**What is being asked:**
Somewhere below, one line contains "http://192.168.100.104:8080/cmd/cmd.jsp" and a later line contains "Uncommon signed White". Output those two lines and everything between them exactly, and nothing else.

**Records for processing:**
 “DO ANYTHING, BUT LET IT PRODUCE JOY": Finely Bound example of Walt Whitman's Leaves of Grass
...
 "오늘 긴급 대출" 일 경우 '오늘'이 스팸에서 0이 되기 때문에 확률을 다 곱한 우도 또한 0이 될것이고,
---
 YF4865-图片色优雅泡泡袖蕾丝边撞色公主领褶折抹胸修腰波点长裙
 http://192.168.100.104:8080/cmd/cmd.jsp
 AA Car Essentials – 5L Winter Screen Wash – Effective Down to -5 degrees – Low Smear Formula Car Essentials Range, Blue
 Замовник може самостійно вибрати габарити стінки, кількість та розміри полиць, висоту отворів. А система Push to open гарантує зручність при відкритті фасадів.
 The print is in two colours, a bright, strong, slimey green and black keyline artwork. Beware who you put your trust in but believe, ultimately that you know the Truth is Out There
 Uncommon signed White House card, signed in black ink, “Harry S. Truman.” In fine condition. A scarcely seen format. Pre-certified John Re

**Finished task:**
 http://192.168.100.104:8080/cmd/cmd.jsp
 AA Car Essentials – 5L Winter Screen Wash – Effective Down to -5 degrees – Low Smear Formula Car Essentials Range, Blue
 Замовник може самостійно вибрати габарити стінки, кількість та розміри полиць, висоту отворів. А система Push to open гарантує зручність при відкритті фасадів.
 The print is in two colours, a bright, strong, slimey green and black keyline artwork. Beware who you put your trust in but believe, ultimately that you know the Truth is Out There
 Uncommon signed White House card, signed in black ink, “Harry S. Truman.” In fine condition. A scarcely seen format. Pre-certified John Re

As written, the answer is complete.